#### Problem
An exact transcription is needed of the lines below from the one with "A ship-borne helicopter" through the one with "12時すぎたら曇り、 13時には雪が降ってきた。 |", with no other lines and no pictures.

#### Data for this task
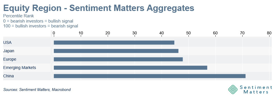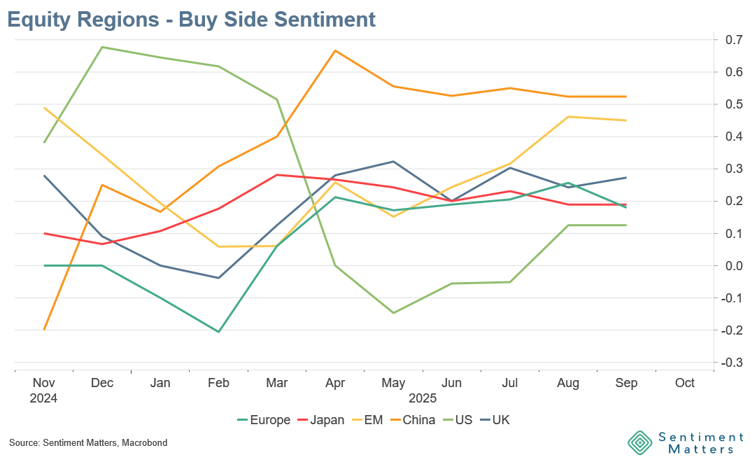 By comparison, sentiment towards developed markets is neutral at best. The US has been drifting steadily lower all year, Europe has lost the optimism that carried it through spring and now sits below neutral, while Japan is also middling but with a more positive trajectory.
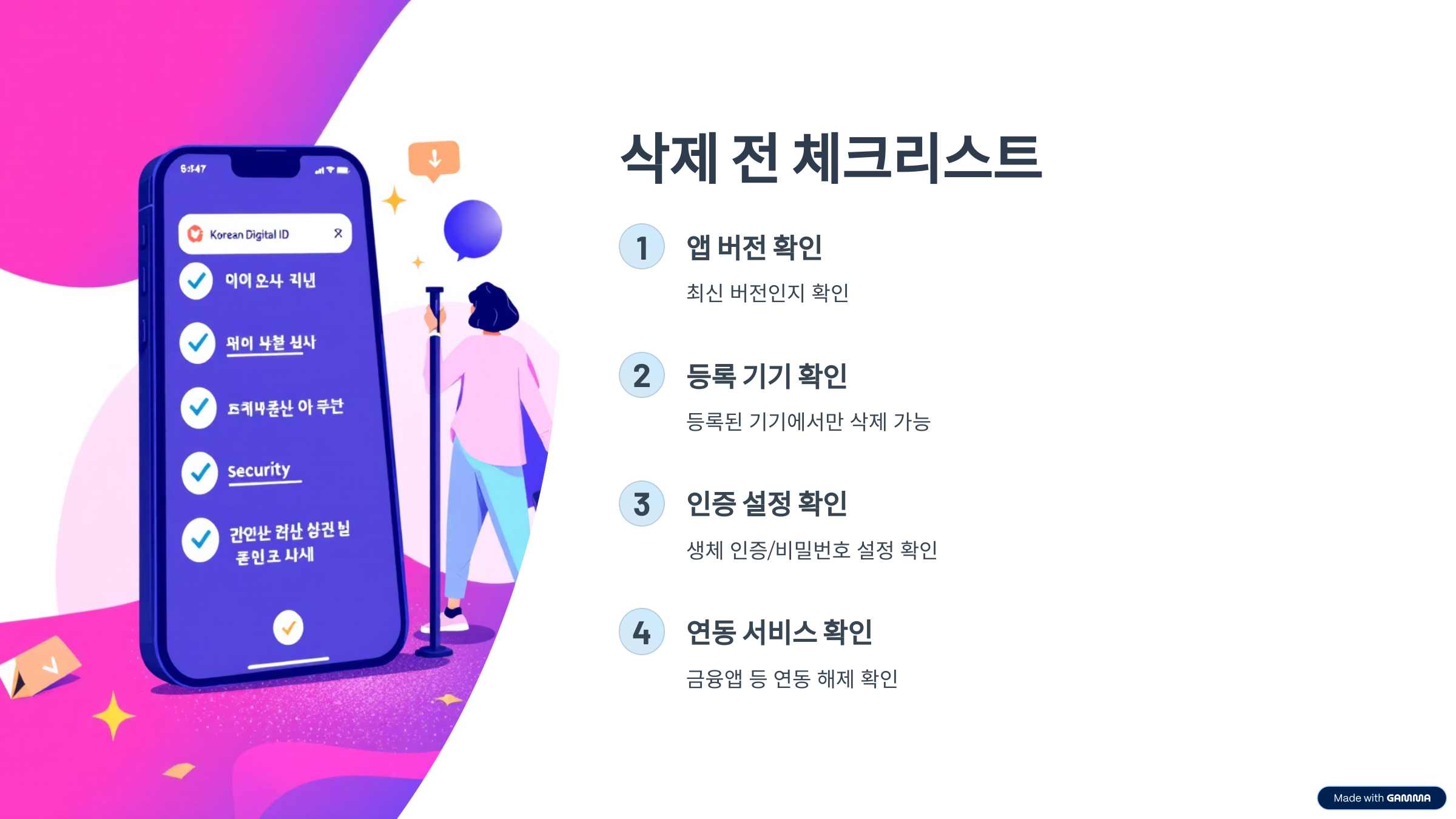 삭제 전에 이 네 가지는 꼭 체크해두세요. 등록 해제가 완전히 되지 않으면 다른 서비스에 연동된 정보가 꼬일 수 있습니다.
* * *
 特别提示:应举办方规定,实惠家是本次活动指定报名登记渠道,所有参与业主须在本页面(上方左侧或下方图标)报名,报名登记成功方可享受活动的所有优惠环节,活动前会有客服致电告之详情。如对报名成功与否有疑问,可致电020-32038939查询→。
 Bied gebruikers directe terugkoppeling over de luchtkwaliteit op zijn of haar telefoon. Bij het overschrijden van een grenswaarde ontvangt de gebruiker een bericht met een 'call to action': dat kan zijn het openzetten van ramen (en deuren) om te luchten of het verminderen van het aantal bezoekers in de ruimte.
---
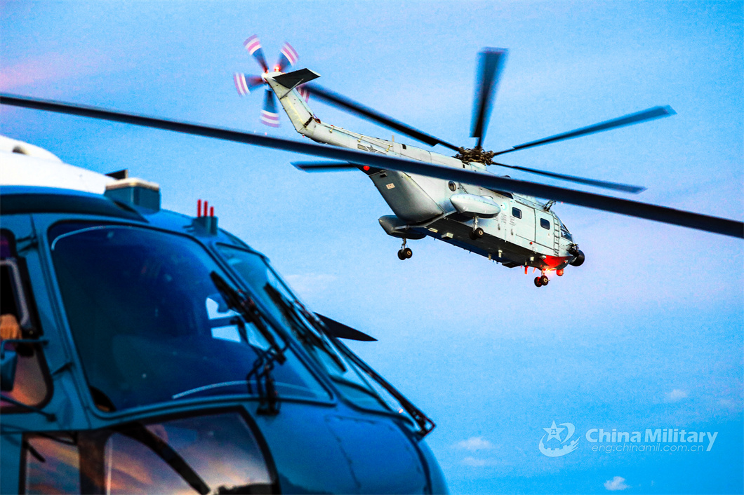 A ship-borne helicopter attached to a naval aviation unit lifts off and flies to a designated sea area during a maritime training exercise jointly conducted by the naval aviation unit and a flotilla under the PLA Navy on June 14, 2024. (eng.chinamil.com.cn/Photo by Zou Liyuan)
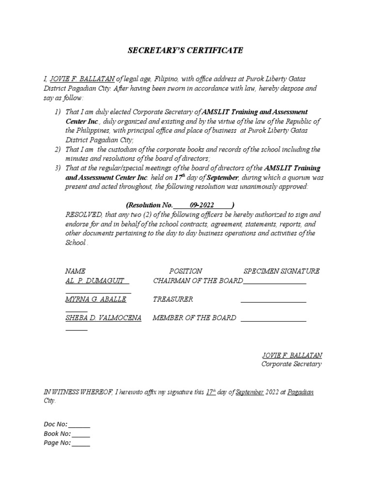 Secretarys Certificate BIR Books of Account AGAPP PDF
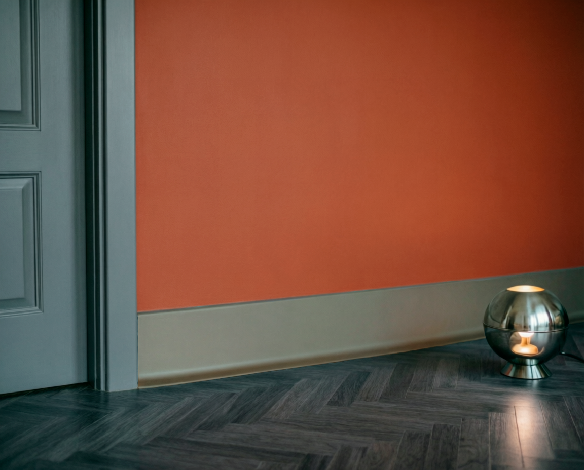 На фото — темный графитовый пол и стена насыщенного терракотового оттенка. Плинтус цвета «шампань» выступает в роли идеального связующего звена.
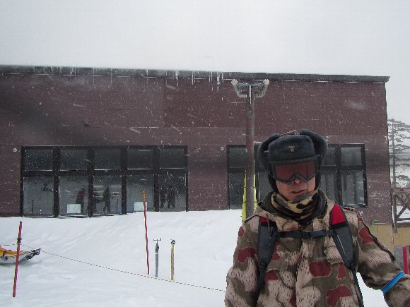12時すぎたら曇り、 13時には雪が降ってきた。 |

#### Response to this task
 A ship-borne helicopter attached to a naval aviation unit lifts off and flies to a designated sea area during a maritime training exercise jointly conducted by the naval aviation unit and a flotilla under the PLA Navy on June 14, 2024. (eng.chinamil.com.cn/Photo by Zou Liyuan)
 Secretarys Certificate BIR Books of Account AGAPP PDF
 На фото — темный графитовый пол и стена насыщенного терракотового оттенка. Плинтус цвета «шампань» выступает в роли идеального связующего звена.
12時すぎたら曇り、 13時には雪が降ってきた。 |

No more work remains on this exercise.